Cosine relations reshape momentum for better training outcomes

COREM: Cosine-Relation Momentum Reshaping with Stateful Writeback

Machine Learning

Summary

Training AI models involves adjusting many settings, called optimizer states, which can be thought of as big matrices. The authors looked at whether the relationships inside these matrices can be better used rather than treating each piece separately. They created a new method called COREM that reshapes the momentum during training by examining how parts of these matrices relate via cosine similarity, then updates the training process based on that. Their tests showed COREM improves model accuracy later in training and uses less compute compared to a similar method called Muon.

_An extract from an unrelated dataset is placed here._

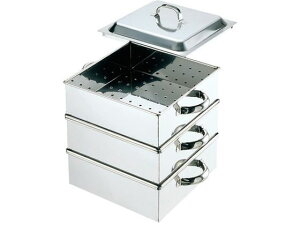 ◆18-8ステンレス製の業務用角蒸器です。 ◆目皿は取り外し可能でお手入れ簡単&衛生的! ◆蒸気でやさしく温めて、素材の持ち味を引き出しながら、ふっくら 蒸し上がります。蒸し料理は油を使わないのでとってもヘルシー! ◆饅頭や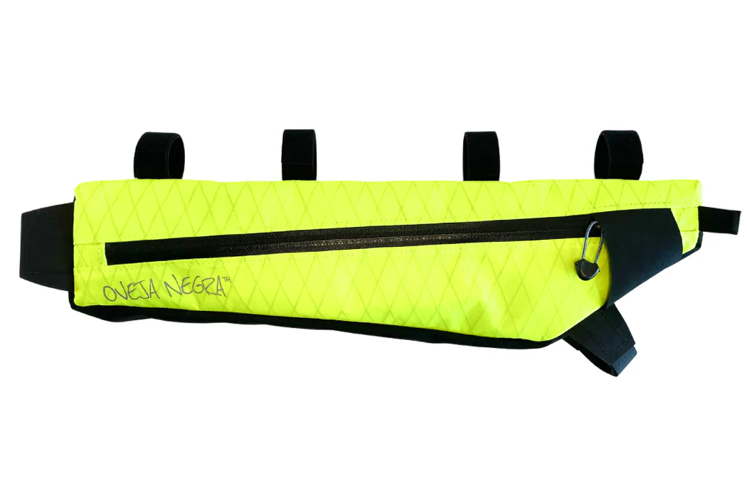- Fully adjustable/removable top tube strap design allows for the addition of top tube bags without conflicting strap placement allowing for easy customization

What this means in practice

Authors

Yan Wang, Xiaochuan Wang, Yuxiang Sun

Abstract

Matrix-valued optimizer states may contain relational structure that is not captured by treating their entries independently. We study whether relations within matrix-valued optimizer states can be exploited to improve optimization. To this end, we introduce a unit-relation-transform abstraction and instantiate it as COREM, a Cosine-Relation Momentum Reshaping method with stateful writeback. COREM partitions the momentum state into update units, computes cosine relations among them, and uses these relations to reshape the momentum before writing the transformed state back to the optimizer. This stateful mechanism allows the reshaped momentum to affect not only the current update but also future optimization dynamics. We evaluate COREM on CIFAR-10 with an MLP and on enwik8 with a Transformer. Compared with Muon, COREM shows lower early-stage step efficiency but stronger improvement in the mid-to-late stages of training, achieving better final validation performance on CIFAR-10 and comparable final performance on enwik8. Spectral diagnostics on enwik8 show that COREM consistently increases entropy effective rank and reduces the concentration of singular energy in dominant modes, while preserving an anisotropic spectrum. For square matrix updates, COREM requires approximately 13.3% of the transformation FLOPs of Muon with five Newton-Schulz iterations.